__Data section__:
........
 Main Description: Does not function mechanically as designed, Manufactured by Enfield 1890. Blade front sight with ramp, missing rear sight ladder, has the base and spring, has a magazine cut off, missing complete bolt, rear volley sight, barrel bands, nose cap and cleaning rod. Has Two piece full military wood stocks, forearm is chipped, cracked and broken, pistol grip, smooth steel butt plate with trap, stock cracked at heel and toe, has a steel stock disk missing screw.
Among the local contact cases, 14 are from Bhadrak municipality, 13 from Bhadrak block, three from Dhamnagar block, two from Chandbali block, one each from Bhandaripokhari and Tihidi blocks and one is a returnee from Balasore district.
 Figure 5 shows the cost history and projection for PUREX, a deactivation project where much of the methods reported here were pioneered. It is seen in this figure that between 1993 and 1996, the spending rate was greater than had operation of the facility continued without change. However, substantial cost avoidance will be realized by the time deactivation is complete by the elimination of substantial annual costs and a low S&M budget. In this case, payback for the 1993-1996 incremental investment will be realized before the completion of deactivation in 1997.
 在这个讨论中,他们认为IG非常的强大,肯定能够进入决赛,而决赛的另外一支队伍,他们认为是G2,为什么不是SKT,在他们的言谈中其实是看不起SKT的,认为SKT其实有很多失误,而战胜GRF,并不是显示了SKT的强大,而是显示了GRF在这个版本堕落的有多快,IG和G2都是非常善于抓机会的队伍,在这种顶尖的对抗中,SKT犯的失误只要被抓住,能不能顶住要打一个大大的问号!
........
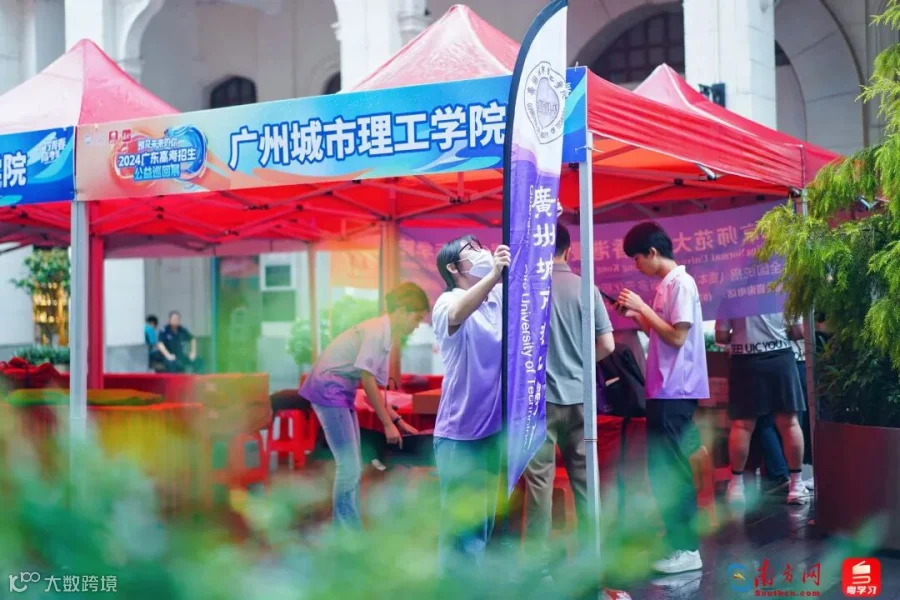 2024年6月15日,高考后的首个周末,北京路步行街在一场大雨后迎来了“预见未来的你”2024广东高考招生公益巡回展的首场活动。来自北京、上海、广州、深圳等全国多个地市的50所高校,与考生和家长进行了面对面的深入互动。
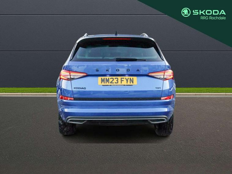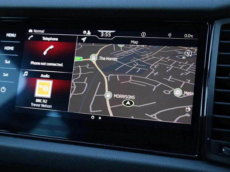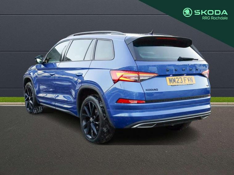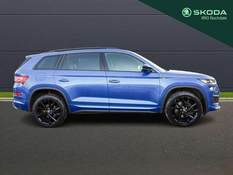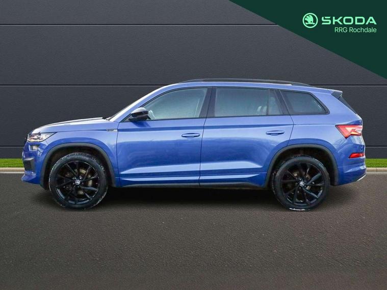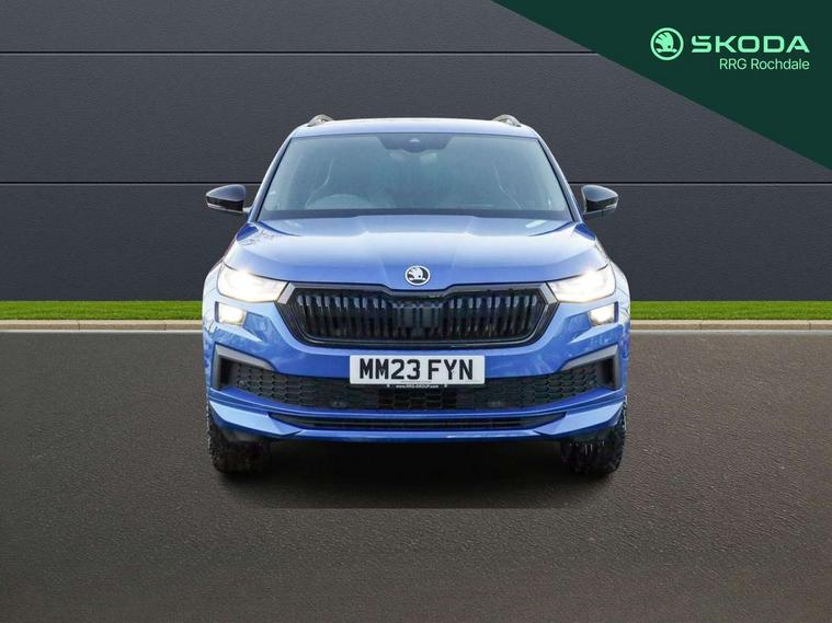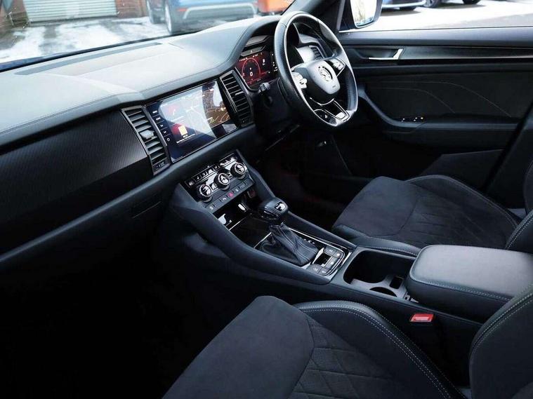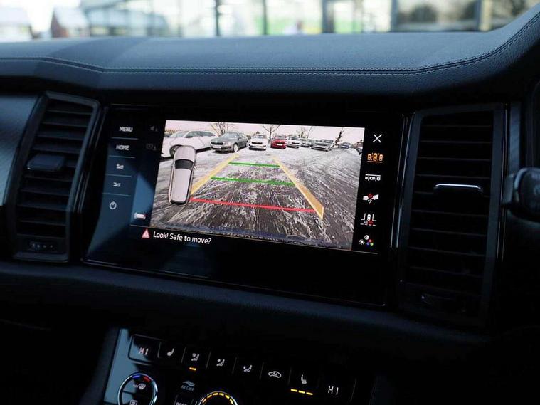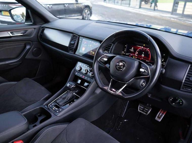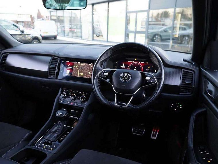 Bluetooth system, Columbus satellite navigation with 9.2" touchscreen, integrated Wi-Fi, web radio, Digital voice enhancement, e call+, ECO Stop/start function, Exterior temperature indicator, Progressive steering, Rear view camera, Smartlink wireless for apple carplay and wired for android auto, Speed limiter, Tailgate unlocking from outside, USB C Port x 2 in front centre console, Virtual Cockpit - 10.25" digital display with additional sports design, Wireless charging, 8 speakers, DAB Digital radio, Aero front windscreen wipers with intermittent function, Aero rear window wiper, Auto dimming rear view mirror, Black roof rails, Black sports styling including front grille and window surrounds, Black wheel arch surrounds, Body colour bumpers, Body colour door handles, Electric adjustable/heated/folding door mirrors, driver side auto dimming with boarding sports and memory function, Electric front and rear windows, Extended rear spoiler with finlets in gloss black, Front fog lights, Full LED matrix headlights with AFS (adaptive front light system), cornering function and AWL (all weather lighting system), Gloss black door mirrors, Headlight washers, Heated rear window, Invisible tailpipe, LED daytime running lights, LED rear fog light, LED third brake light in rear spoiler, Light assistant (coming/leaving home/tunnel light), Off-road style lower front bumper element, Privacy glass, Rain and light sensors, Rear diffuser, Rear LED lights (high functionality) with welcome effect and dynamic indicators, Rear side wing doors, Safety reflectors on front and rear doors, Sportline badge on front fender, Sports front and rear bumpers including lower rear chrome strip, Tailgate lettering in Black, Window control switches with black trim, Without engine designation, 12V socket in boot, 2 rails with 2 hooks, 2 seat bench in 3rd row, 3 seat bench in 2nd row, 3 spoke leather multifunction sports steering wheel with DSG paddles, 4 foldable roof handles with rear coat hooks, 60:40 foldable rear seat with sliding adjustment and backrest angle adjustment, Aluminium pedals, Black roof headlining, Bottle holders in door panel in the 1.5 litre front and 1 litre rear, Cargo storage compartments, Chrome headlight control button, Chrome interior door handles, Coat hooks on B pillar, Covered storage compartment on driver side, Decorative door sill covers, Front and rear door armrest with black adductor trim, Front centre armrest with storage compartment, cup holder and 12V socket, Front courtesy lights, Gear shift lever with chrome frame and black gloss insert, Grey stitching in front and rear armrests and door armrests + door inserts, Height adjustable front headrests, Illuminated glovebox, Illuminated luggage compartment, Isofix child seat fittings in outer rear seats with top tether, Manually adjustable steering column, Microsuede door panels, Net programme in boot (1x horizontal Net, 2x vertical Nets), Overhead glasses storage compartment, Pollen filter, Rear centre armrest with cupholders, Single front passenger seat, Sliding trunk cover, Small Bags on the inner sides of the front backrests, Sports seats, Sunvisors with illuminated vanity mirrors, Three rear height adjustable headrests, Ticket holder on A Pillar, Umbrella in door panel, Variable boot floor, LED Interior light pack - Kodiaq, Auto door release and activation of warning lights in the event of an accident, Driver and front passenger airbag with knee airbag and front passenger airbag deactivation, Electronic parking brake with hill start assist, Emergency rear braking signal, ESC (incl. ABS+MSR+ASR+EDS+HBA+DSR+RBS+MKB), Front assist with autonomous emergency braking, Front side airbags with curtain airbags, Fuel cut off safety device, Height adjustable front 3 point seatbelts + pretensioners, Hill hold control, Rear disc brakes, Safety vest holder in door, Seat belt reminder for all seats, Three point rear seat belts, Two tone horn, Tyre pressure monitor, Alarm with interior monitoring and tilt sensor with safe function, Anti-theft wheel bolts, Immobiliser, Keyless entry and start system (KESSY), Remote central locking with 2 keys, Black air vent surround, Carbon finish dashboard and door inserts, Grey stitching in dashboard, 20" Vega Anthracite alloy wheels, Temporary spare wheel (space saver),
........
__What to produce__:
All lines above from the one holding "Main Description: Does" to the one holding "Among the local", inclusive, are to be copied exactly; no other line is wanted.

__Your response__:
 Main Description: Does not function mechanically as designed, Manufactured by Enfield 1890. Blade front sight with ramp, missing rear sight ladder, has the base and spring, has a magazine cut off, missing complete bolt, rear volley sight, barrel bands, nose cap and cleaning rod. Has Two piece full military wood stocks, forearm is chipped, cracked and broken, pistol grip, smooth steel butt plate with trap, stock cracked at heel and toe, has a steel stock disk missing screw.
Among the local contact cases, 14 are from Bhadrak municipality, 13 from Bhadrak block, three from Dhamnagar block, two from Chandbali block, one each from Bhandaripokhari and Tihidi blocks and one is a returnee from Balasore district.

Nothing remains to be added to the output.